The purpose of the study is to evaluate the safety, pharmacokinetics, and tolerability of Cabenuva, an ART combination regimen, in HIV patients with kidney disease compared to historical data observed in patients with normal renal function. The researchers hypothesise that intramuscular injection may be better tolerated and easier to take than regular oral medication.

Cabenuva, comprising cabotegravir (CAB) and rilpivirine (RPV), was approved in January 2021. CAB is an integrase enzyme inhibitor, which is necessary for viral DNA insertion into the host’s DNA. RPV is a diarylpyrimidine non-nucleoside reverse transcriptase inhibitor (NNRTI).

First, patients will receive a daily oral dose of CAB 30mg + RPV 25mg for at least 28 days.
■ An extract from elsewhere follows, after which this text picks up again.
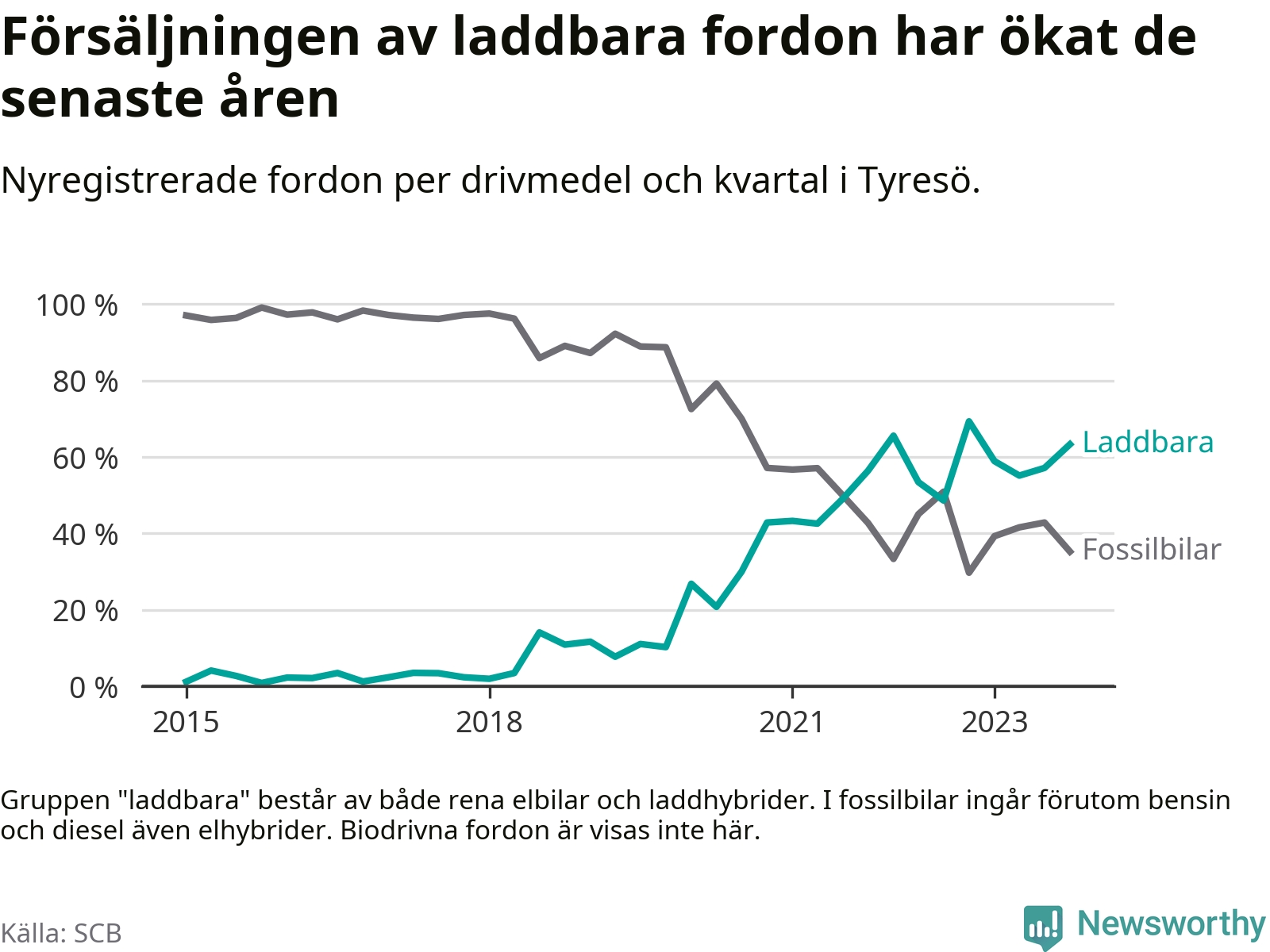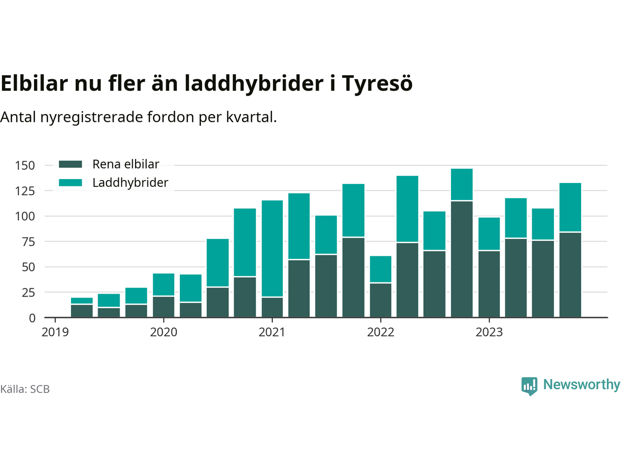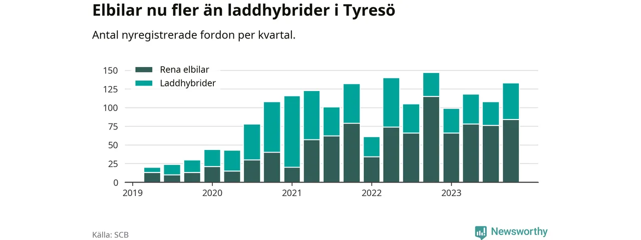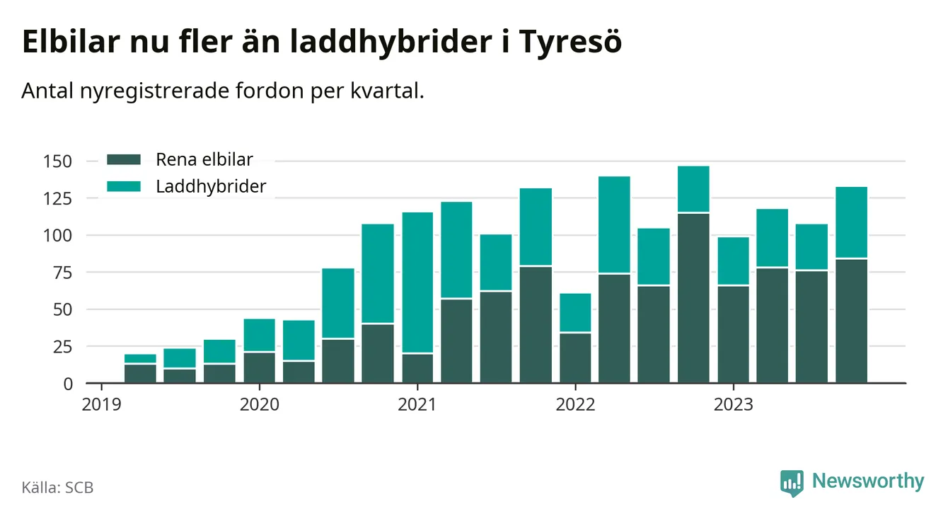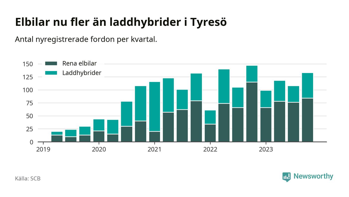 Under fjärde kvartalet 2023 var 63 procent av alla nyregistrerade personbilar i Tyresö laddbara (sammanlagt registrerades 210 nya bilar). Merparten av de laddbara bilarna var rena elbilar (40 procent av alla).

At the first month visit, patients will be dosed with CAB 600 mg + RPV 900 mg IM injections, followed by CAB 400mg + RPV 600mg IM injections monthly from the second until the fifth month. Starting the sixth month, participants will receive monthly doses of CAB 600mg + RPV 900mg IM injections until the twelfth month.

The listing specified that this study received an FDA IND exemption as this is a pilot study and does not intend to change the product labelling.

The trial is estimated to start in January 2023 and complete the primary outcome by December 2024, according to

Switching ART in virologically suppressed PWH

Mahasarakham University in Thailand is recruiting 268 Thai PWH who are virologically suppressed and taking Gilead Sciences’ Atripla, a fixed-dose ART containing efavirenz, emtricitabine, and tenofovir disoproxil.

The study aims to evaluate the virologic and renal outcomes after switching from Atripla to fixed-dose combinations of tenofovir, lamivudine, and dolutegravir (TDF/3TC/DTG), also known as TLD, or dolutegravir and lamivudine (DTG/3TC).

The randomised and open-label trial (TCTR20221117001) will start in January 2023. The primary outcome will measure the glomerular filtration rate at 24 and 48 weeks. In the TLD active comparator arm, patients will receive a fixed daily oral dose of 50mg of DTG, 300mg of 3TC and 300mg of TDF. In the DTG/3TC arm, participants will receive a daily oral dose of 50mg DTG and 300mg of 3TC.

The study has not started recruitment. The anticipated study completion date is May 2024, according to the listing.